▶ [Exercise]: Please find the line that holds "Nome do produto: Laboratório" below and reproduce it, along with every line after it through the end, exactly and without pictures.

· · · · · · ·

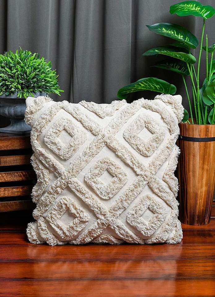 Durable Super Soft Family Tufted Throw Pillow Cover Custom Washed Solid Color Embroidered Dot Hand Woven Geometric Leaves
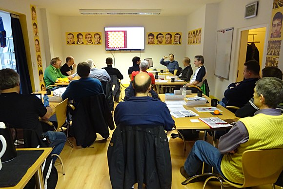 29.12.2015 - Die Begriffe: Fischer-Endspiel, Carlsen-Endspiel, Bodychek, Gewinnzone, Switchback, Quadratregel und vieles, vieles mehr mussten die Teilnehmer entweder als Vorkenntnisse schon mitbringen oder hatten im 48-seitigen Skript die Möglichkeit sich diese kurzerhand noch reinzuziehen. Der Seminarleiter Dr. Karsten Müller konnte wieder seine treue Anhängerschar begrüßen, aber es verirrten sich auch wieder drei neue Gesichter unter die Lernhungrigen im Chess Tigers Training Center, die dann auch noch vor ihrer Abreise die kommenden zwei Seminare buchten. Am 23./24.Januar 2016 das Seminar mit GM Michael Prusikin Thema: "1.e4-Repertoire (1.Teil) und das neue Seminar von GM Dr. Karsten Müller am 7./8.Mai 2016 "Spielen wie Weltmeister Anatoly Karpov"!
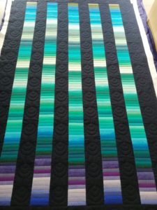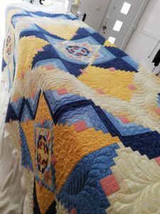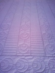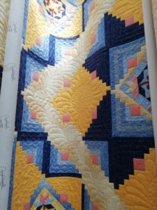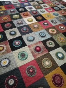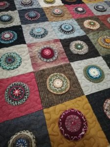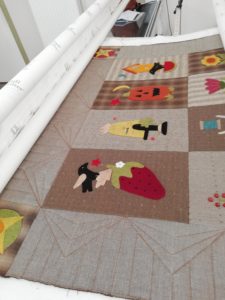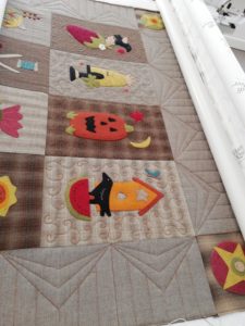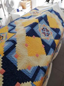 Cette semaine j’ai repris un ancien bloc du mois de chez Buttermilk qui attendait son quilting depuis bien trop longtemps. Il est installé sur la machine et les premiers blocs sont quiltés.
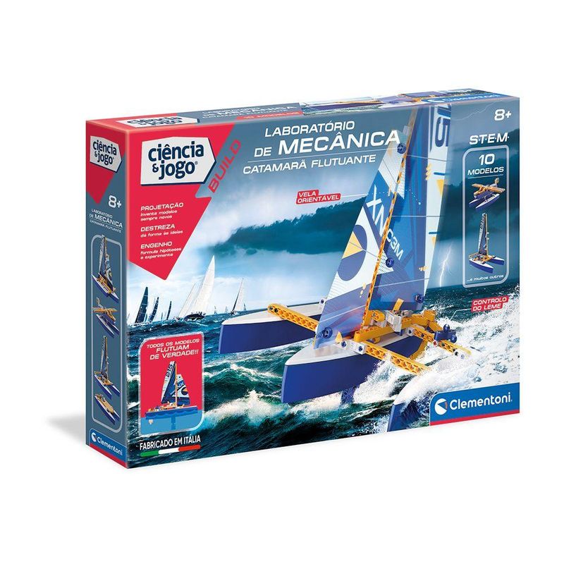 Nome do produto: Laboratório Mecânica Barco Catamarã;Idade recomendada: A partir de 8 anos;Selo Inmetro: 006731/2022;Contém: 180 peças para construir 10 modelos diferentes de embarcações e descobrir os mecanismos da engenharia naval.
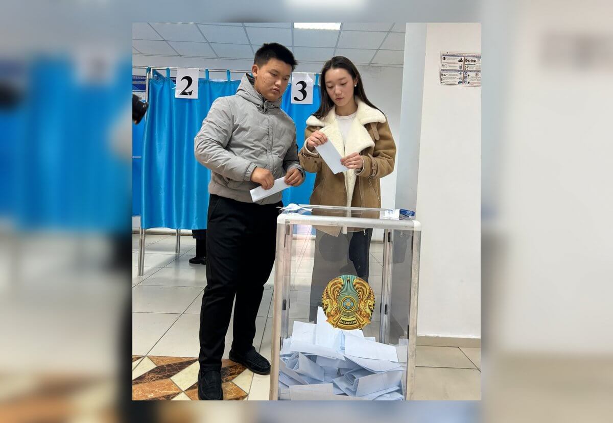 Спустя месяц супружеская пара пришла на выборы в селе Лабасы Коксуского района. К слову, Акжолу и Гулим по 18 лет – они родились в 2004 году. Это их первое голосование на выборах.
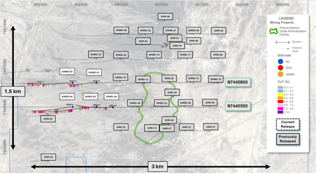 “Pampa Medina continues to demonstrate remarkable consistency of grade and thicknesses across the currently defined area of interest. The Phase II program was predominantly 300m-spaced grid-based drilling intended to define the extent of the mineralized system in which we are yet to define the limits. The 2026 program will focus on definition drilling of the identified high-grade corridors between sections N7,441,100 and N7,440,500, as well as Pampa Medina Norte (SMD/SMR-01) in both oxides and sulphides, as well as continued large-scale step-outs to test regional continuity of the favourable host rocks. Our exploration model is strengthening at Pampa and we look forward to updating the market with our evolving interpretations of the manto-system ahead of the Phase III program in 2026.
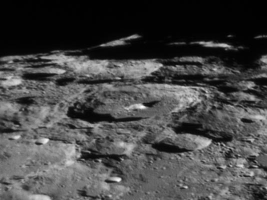 Moretus隕石坑 Moretus位於克拉維斯的南部,非常接近月球的邊緣。因此,我們永遠是由較接近水平的低角度觀察它,如同將要登陸這個隕坑般,別有一番趣味。 Moretus的直徑是115km,比第谷大一半,和第谷一樣是典型複雜坑,有梯級狀坑壁和中央山峰。Moretus的中央山峰是月面眾隕石坑中最高的,超過2km高,容易拍攝。如果Moretus的位置較為正中,則肯定會成為一個更受注目的隕石坑。
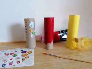 2. Für die Stiftehalter braucht Ihr die Klopapierrollen. Hier könnt Ihr verschiedene Sachen ausprobieren:

· · · · · · ·

▶ [Output of the task]:
 Nome do produto: Laboratório Mecânica Barco Catamarã;Idade recomendada: A partir de 8 anos;Selo Inmetro: 006731/2022;Contém: 180 peças para construir 10 modelos diferentes de embarcações e descobrir os mecanismos da engenharia naval.
 Спустя месяц супружеская пара пришла на выборы в селе Лабасы Коксуского района. К слову, Акжолу и Гулим по 18 лет – они родились в 2004 году. Это их первое голосование на выборах.
 “Pampa Medina continues to demonstrate remarkable consistency of grade and thicknesses across the currently defined area of interest. The Phase II program was predominantly 300m-spaced grid-based drilling intended to define the extent of the mineralized system in which we are yet to define the limits. The 2026 program will focus on definition drilling of the identified high-grade corridors between sections N7,441,100 and N7,440,500, as well as Pampa Medina Norte (SMD/SMR-01) in both oxides and sulphides, as well as continued large-scale step-outs to test regional continuity of the favourable host rocks. Our exploration model is strengthening at Pampa and we look forward to updating the market with our evolving interpretations of the manto-system ahead of the Phase III program in 2026.
 Moretus隕石坑 Moretus位於克拉維斯的南部,非常接近月球的邊緣。因此,我們永遠是由較接近水平的低角度觀察它,如同將要登陸這個隕坑般,別有一番趣味。 Moretus的直徑是115km,比第谷大一半,和第谷一樣是典型複雜坑,有梯級狀坑壁和中央山峰。Moretus的中央山峰是月面眾隕石坑中最高的,超過2km高,容易拍攝。如果Moretus的位置較為正中,則肯定會成為一個更受注目的隕石坑。
 2. Für die Stiftehalter braucht Ihr die Klopapierrollen. Hier könnt Ihr verschiedene Sachen ausprobieren:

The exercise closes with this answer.